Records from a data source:
○ ○ ○ ○ ○

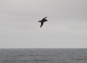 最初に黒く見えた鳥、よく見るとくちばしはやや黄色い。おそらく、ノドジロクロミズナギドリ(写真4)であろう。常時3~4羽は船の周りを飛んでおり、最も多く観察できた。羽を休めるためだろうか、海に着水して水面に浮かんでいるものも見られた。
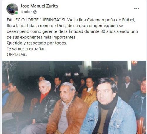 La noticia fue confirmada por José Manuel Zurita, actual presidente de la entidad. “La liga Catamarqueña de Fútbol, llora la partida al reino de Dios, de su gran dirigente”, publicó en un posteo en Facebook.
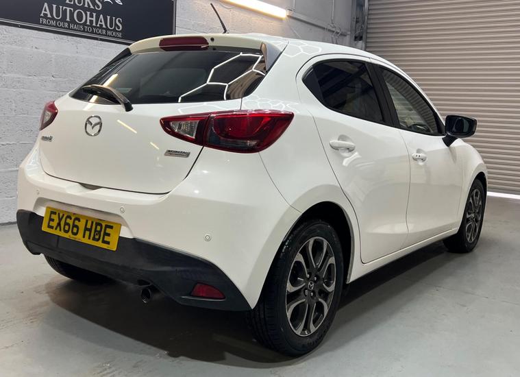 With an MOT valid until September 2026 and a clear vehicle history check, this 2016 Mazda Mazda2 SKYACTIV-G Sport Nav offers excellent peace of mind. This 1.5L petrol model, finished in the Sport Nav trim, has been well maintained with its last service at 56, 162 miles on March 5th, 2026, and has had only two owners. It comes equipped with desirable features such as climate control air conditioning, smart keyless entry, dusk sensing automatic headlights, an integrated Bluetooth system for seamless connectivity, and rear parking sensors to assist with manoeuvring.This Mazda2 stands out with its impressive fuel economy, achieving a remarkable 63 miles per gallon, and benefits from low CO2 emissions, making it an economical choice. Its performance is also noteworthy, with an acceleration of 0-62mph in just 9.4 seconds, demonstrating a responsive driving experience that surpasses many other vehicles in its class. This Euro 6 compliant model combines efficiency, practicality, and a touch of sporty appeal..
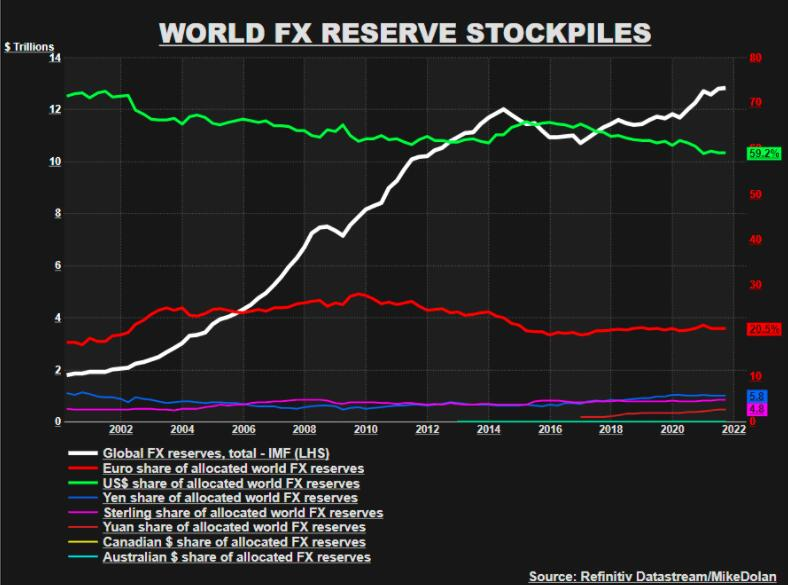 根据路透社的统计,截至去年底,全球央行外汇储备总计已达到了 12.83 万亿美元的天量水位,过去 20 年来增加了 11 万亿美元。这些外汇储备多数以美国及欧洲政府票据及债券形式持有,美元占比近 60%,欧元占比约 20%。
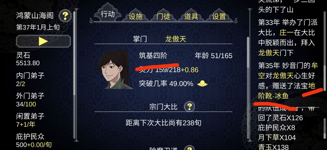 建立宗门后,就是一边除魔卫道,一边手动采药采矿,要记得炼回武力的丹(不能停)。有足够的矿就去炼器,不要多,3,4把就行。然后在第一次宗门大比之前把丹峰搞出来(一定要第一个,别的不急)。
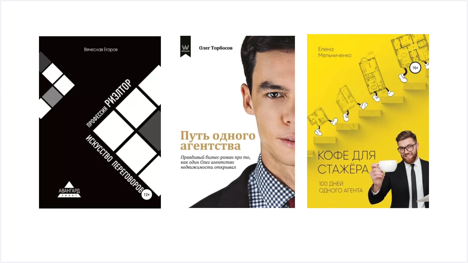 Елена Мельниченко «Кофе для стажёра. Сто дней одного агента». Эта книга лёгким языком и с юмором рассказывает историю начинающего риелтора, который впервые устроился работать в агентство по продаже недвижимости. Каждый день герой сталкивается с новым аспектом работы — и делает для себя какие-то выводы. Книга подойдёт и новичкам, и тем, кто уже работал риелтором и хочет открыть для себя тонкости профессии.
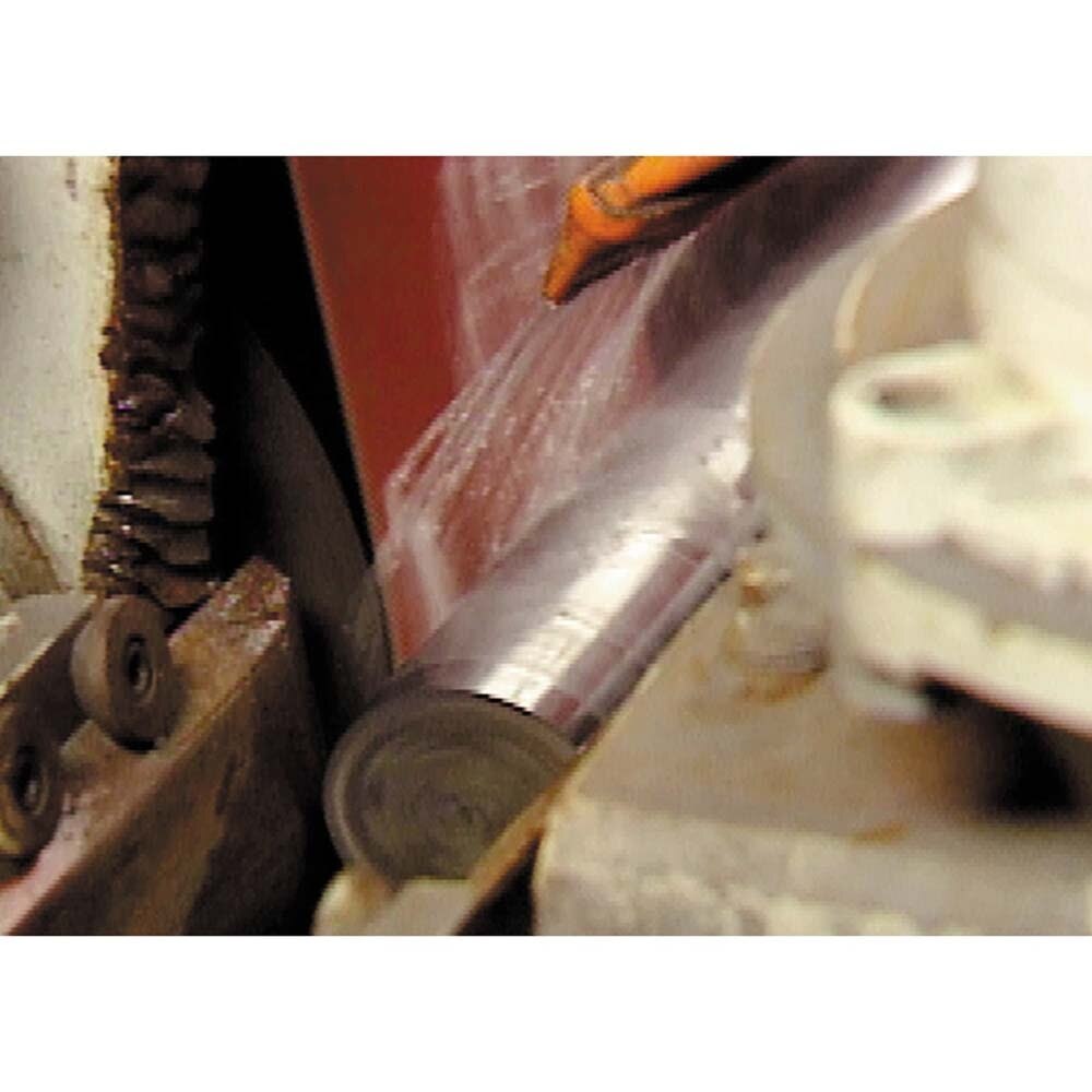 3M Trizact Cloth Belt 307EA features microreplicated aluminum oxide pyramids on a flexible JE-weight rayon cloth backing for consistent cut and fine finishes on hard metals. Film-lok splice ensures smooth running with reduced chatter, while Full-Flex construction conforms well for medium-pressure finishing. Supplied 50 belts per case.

○ ○ ○ ○ ○

• WHAT IS REQUIRED:
The stretch above running from the line with "根据路透社的统计,截至去年底,全球央行外汇储备总计已达到了 12.83 万亿美元的天量水位,过去" through the line with "себя тонкости профессии." is all you should copy, exactly, leaving out the pictures.

• TASK RESULT:
 根据路透社的统计,截至去年底,全球央行外汇储备总计已达到了 12.83 万亿美元的天量水位,过去 20 年来增加了 11 万亿美元。这些外汇储备多数以美国及欧洲政府票据及债券形式持有,美元占比近 60%,欧元占比约 20%。
 建立宗门后,就是一边除魔卫道,一边手动采药采矿,要记得炼回武力的丹(不能停)。有足够的矿就去炼器,不要多,3,4把就行。然后在第一次宗门大比之前把丹峰搞出来(一定要第一个,别的不急)。
 Елена Мельниченко «Кофе для стажёра. Сто дней одного агента». Эта книга лёгким языком и с юмором рассказывает историю начинающего риелтора, который впервые устроился работать в агентство по продаже недвижимости. Каждый день герой сталкивается с новым аспектом работы — и делает для себя какие-то выводы. Книга подойдёт и новичкам, и тем, кто уже работал риелтором и хочет открыть для себя тонкости профессии.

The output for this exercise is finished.